As shown in fig. 4 a, the machine station control device 100 controls the supply device 70 so that the supply amount (total spray amount) of the additive agent linearly increases when the number of operations of the air spinning device 7 is less than the predetermined number (less than 40 in fig. 4 a). The machine station control device 100 controls the supply device 70 to supply a fixed amount of the additive when the number of operations is equal to or greater than a predetermined number (equal to or greater than 40). As a result, as shown in fig. 4 (b), in the spinning machine 1, the additive is supplied to the air in an amount corresponding to the number of operations of the air spinning device 7, and therefore, the amount of the additive supplied to the air spinning device 7 can be made uniform. Therefore, in the spinning machine 1, the additive can be prevented from being excessively supplied to the air spinning device 7 of the spinning unit 2. As a result, the spinning machine 1 can stably supply the additive.

In the example shown in fig. 4 (a), the predetermined number is 40, and a mode in which a fixed amount of the additive is supplied when the number of operations is 40 or more is described as an example. When the predetermined number is set to 40 or more, the machine control device 100 controls the supply device 70 so as to linearly increase the supply amount of the additive until the operation number becomes equal to or more than the predetermined number, as shown in fig. 5 (a). At this time, as shown in fig. 5 (b), in the spinning machine 1, the additive is supplied to the air in an amount corresponding to the number of operations of the air spinning device 7, and therefore, the amount of the additive supplied to the air spinning device 7 is uniformized.
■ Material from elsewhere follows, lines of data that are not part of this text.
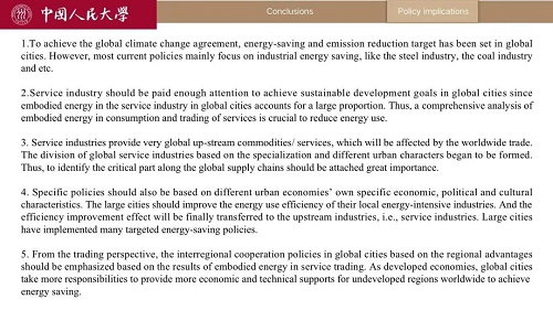 研究结果主要针对六大全球城市回答了三个方面问题,具体包括城市的能源利用效率、城市服务业的能源消耗总量、城市不同类别服务业的能源供需与流动模式。研究发现,与中国内地的四个城市相比,香港和新加坡的能源利用效率较高;在这六个全球城市中,服务业占17.02-46.40%的隐含能源总消耗;沿海城市如天津、上海、香港和新加坡的交通服务业的能源消耗占比较高;中国内地的四个城市服务业消耗煤炭的比例远高于香港和新加坡。基于研究结果,对不同城市提出了针对不同服务产业的政策建议,并认为全球协作是解决能源问题的有效方法。
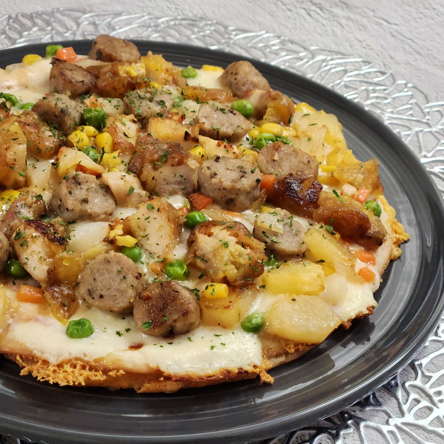 치킨은 한 입 크기보다 살짝 크게 썰어주고, 슬라이스 파인애플과 소시지도 비슷한 크기로 썰어줍니다. 양파와 당근은 굵은 채썰기 또는 잘게 다져 준비합니다. 채소가 작게 썰어야 익는 속도가 빨라지고 토핑이 잘 어우러집니다.
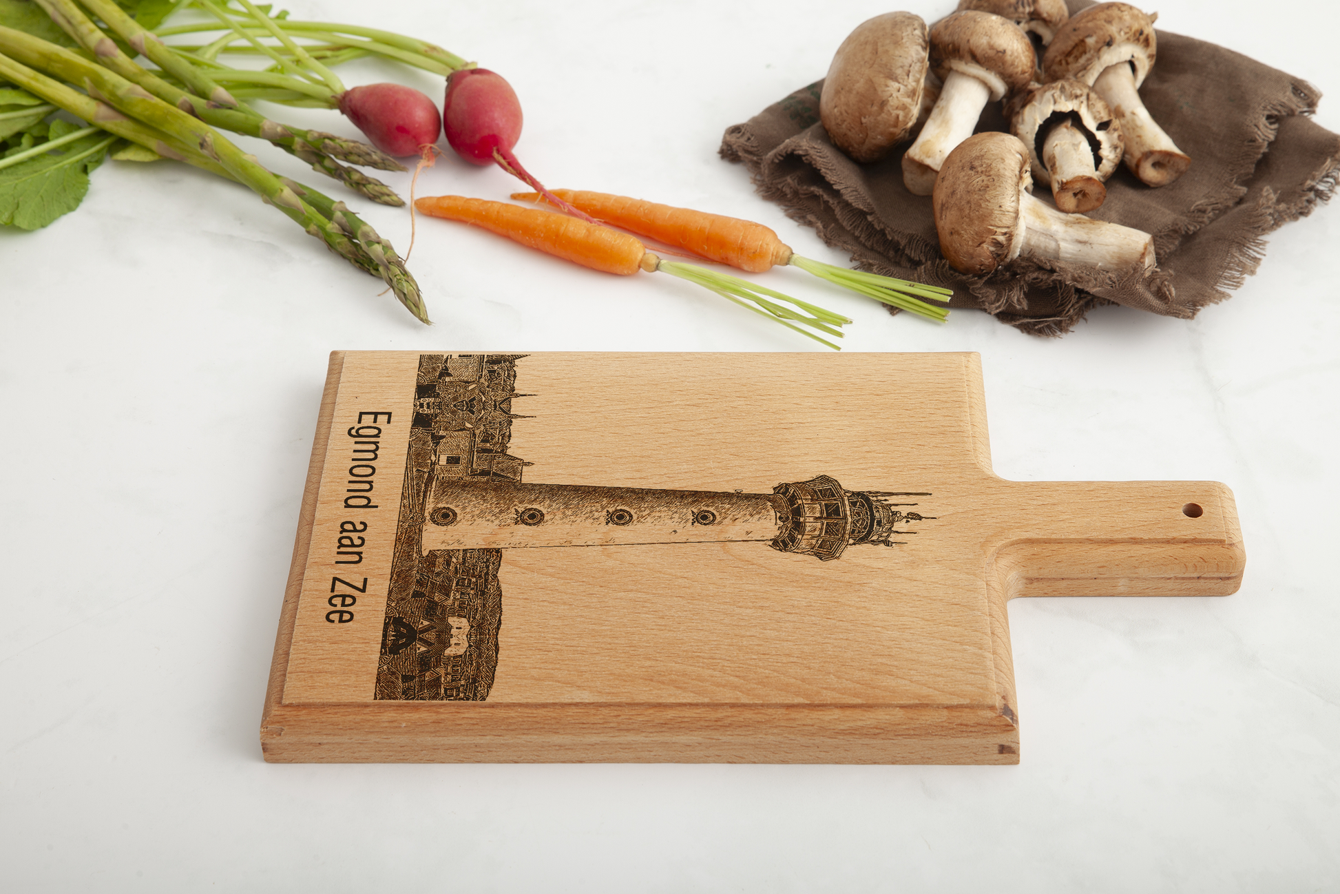 This cheese board is more than a kitchen accessory; it’s a tribute to the iconic Vuurtoren of Egmond aan Zee, ideal for personal use or as a thoughtful gift.

In the spinning machine 1 of the present embodiment, the machine station control device 100 controls the adjustment valve 75 so as to continuously supply the additive when the number of operations is equal to or greater than the predetermined number. That is, the machine control device 100 keeps the state in which the adjustment valve 75 is opened. Accordingly, in the spinning machine 1, when the number of operations is equal to or greater than the predetermined number, the opening and closing of the control valve 75 is not repeated, and therefore, the wear of the control valve 75 and the like can be suppressed. As a result, the life (number of years of use) of the adjustment valve 75 can be extended, and the life of the supply device 70 can be extended.

In the spinning machine 1 of the present embodiment, the unit controller 10 controls the regulating valve 75 when an instruction to start a spinning operation is input after the machine is started or after a lot is changed. After the machine of the spinning machine 1 is started up or the lot is changed, the spinning operation of the plurality of spinning units 2 is started in sequence. Therefore, in order to suppress the fluctuation of the amount of mist-containing air supplied to the air spinning device 7, it is particularly effective to control the supply amount in accordance with the number of operation revolutions after the machine of the spinning machine 1 is started or after the lot is changed.
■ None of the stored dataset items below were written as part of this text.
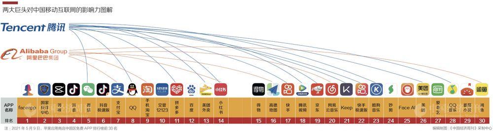 如果拿苹果App Store在中国排名前30的免费应用(2021年5月9日的数据)来观察,其中有18款与腾讯或阿里有直接或间接的资本联系,占比超过50%,可见这两大巨头对cmnet的影响力。现在巨头的资本触角已经伸到了线下。中国快递行业的“三通一达”(中通、童渊、申通、大云),加上百世快递,都接受了阿里巴巴的投资。
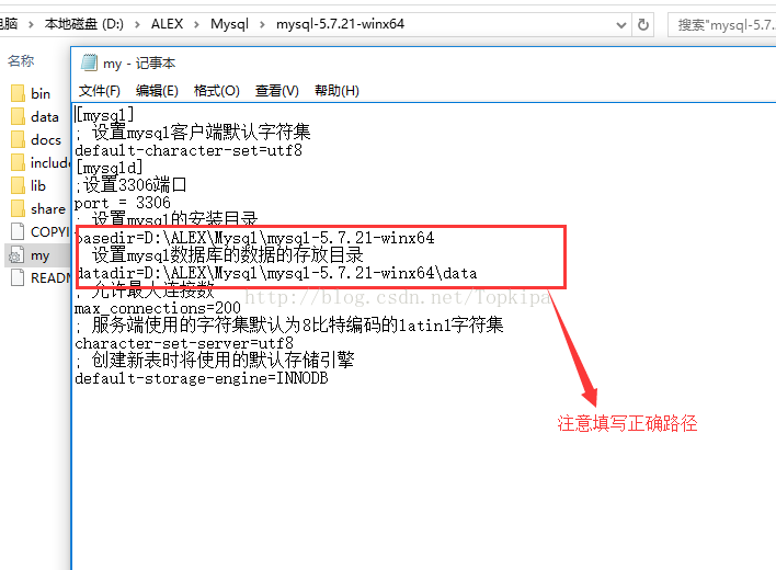 [mysql] ; 设置mysql客户端默认字符集 default-character-set=utf8 [mysqld] ;设置3306端口 port = 3306 ; 设置mysql的安装目录 basedir=D:\ALEX\Mysql\mysql-5.7.21-winx64 ; 设置mysql数据库的数据的存放目录 datadir=D:\ALEX\Mysql\mysql-5.7.21-winx64\data ; 允许最大连接数 max_connections=200 ; 服务端使用的字符集默认为8比特编码的latin1字符集 character-set-server=utf8 ; 创建新表时将使用的默认存储引擎 default-storage-engine=INNODB
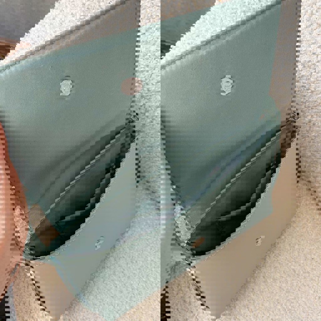 Выходила с ней один раз. Размеры 21х32х6(см). Кожзам. Внутри один маленький кармашек под мобильный телефон, без молнии.
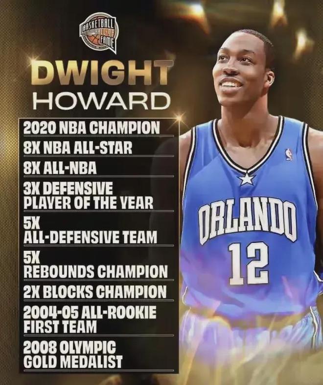 被“強(qiáng)制退役”的霍華德,NBA生涯長(zhǎng)達(dá)18年,期間榮獲3次DPOY、8次最佳陣容&5次最佳防守陣容、5次籃板王、2次蓋帽王、8次全明星,以及1枚奧運(yùn)會(huì)金牌,19-20賽季跟隨湖人拿到唯一一枚總冠軍戒指。
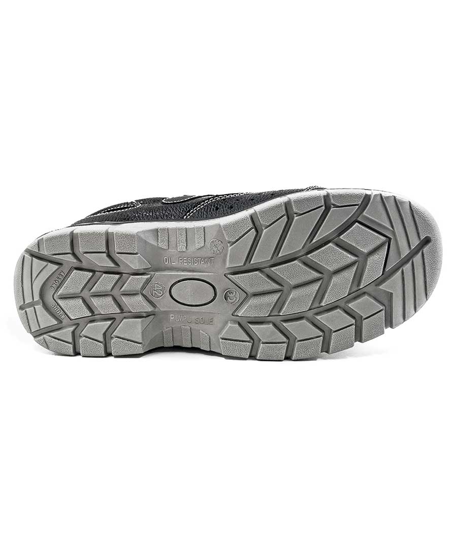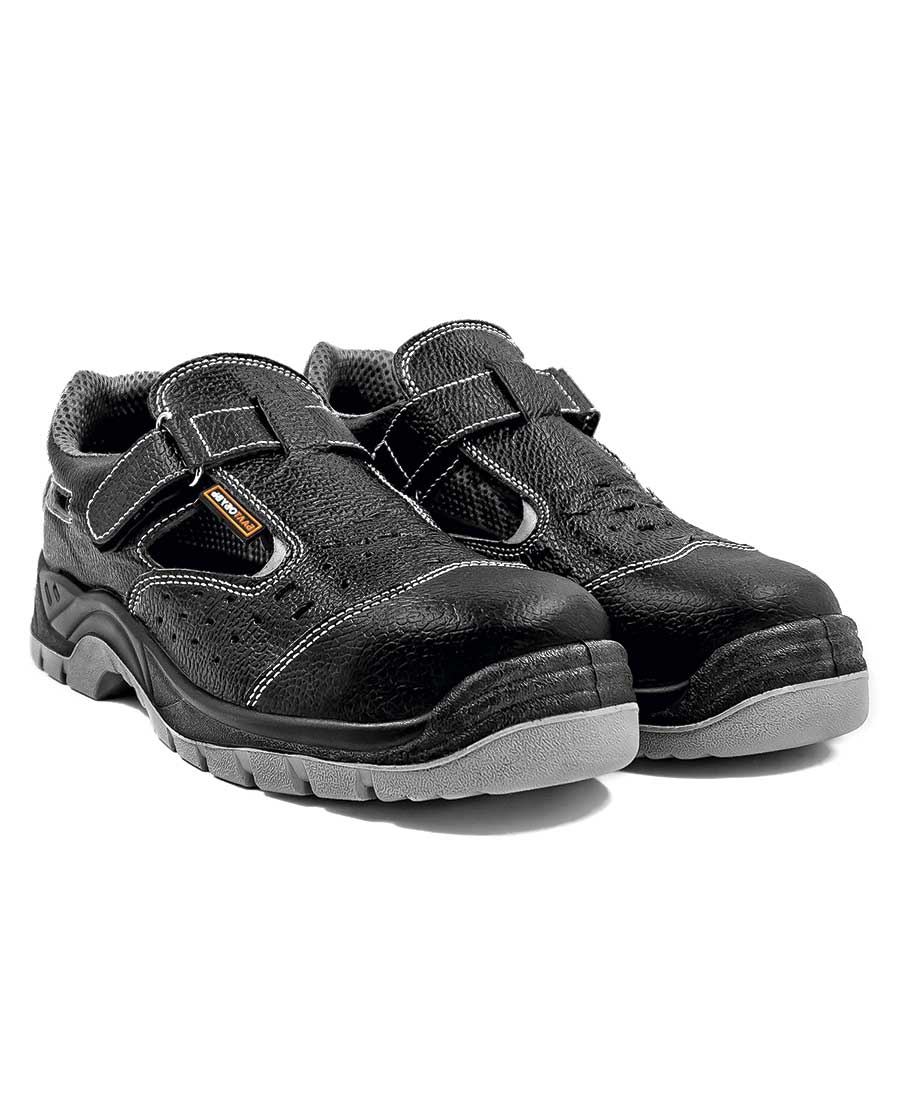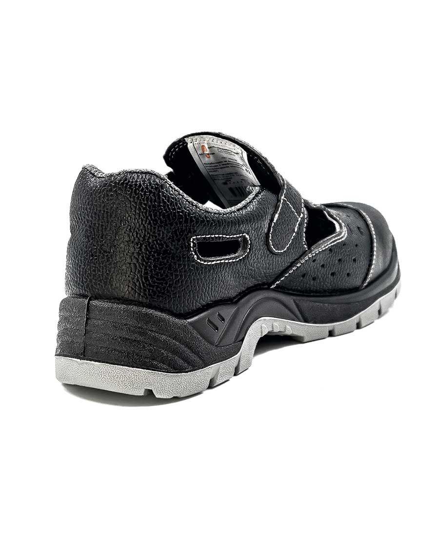 Защитные сандалии на двухслойной ПУ/ПУ (полиуретановой) подошве. Обувь изготовлена из натуральной прорезиненной юфтевой кожи высокоустойчивой к воздействию агрессивных внешних факторов. Носок защищен металлическим подноском с ударной нагрузкой до 200 Дж. Подкладка ботинок из дышащей трехслойной 3D AirMesh ткани. Подошва изготовлена литьевым методом, устойчива к воздействию кислотно-щелочных веществ (до 20%), масло-бензольных соединений и нефтепродуктов. Рабочая температура эксплуатации ботинок от -35°С до +85°С. Дополнительный комфорт для ног и защиту от ударных нагрузок обеспечивают амортизатор в пяточной части ботинка и мягкий кант, защищающий голеностоп. Глухой клапан предотвращает попадание нетоксичной пыли, влаги и грязи внутрь. Анатомическая стелька из ЭВА обеспечивает комфорт носки и снижает нагрузку на суставы ног

In the spinning machine 1 of the present embodiment, when the number of operations is less than the predetermined number, the machine station control device 100 controls the supply device 70 so as to linearly increase or decrease the supply amount of the additive in accordance with the number of operations, as shown in fig. 4 (a). By linearly increasing or decreasing the supply amount in this manner, intermittent control can be easily performed.

In the spinning machine 1 of the present embodiment, the supply device 70 supplies the additive to the 1 st air pipe 62 by applying pressure to the additive. The pressure adjusting device 72 of the supply device 70 maintains the internal pressure of the storage tank 73 constant. This eliminates the need for pressure control (adjustment), and thus simplifies the structure and control.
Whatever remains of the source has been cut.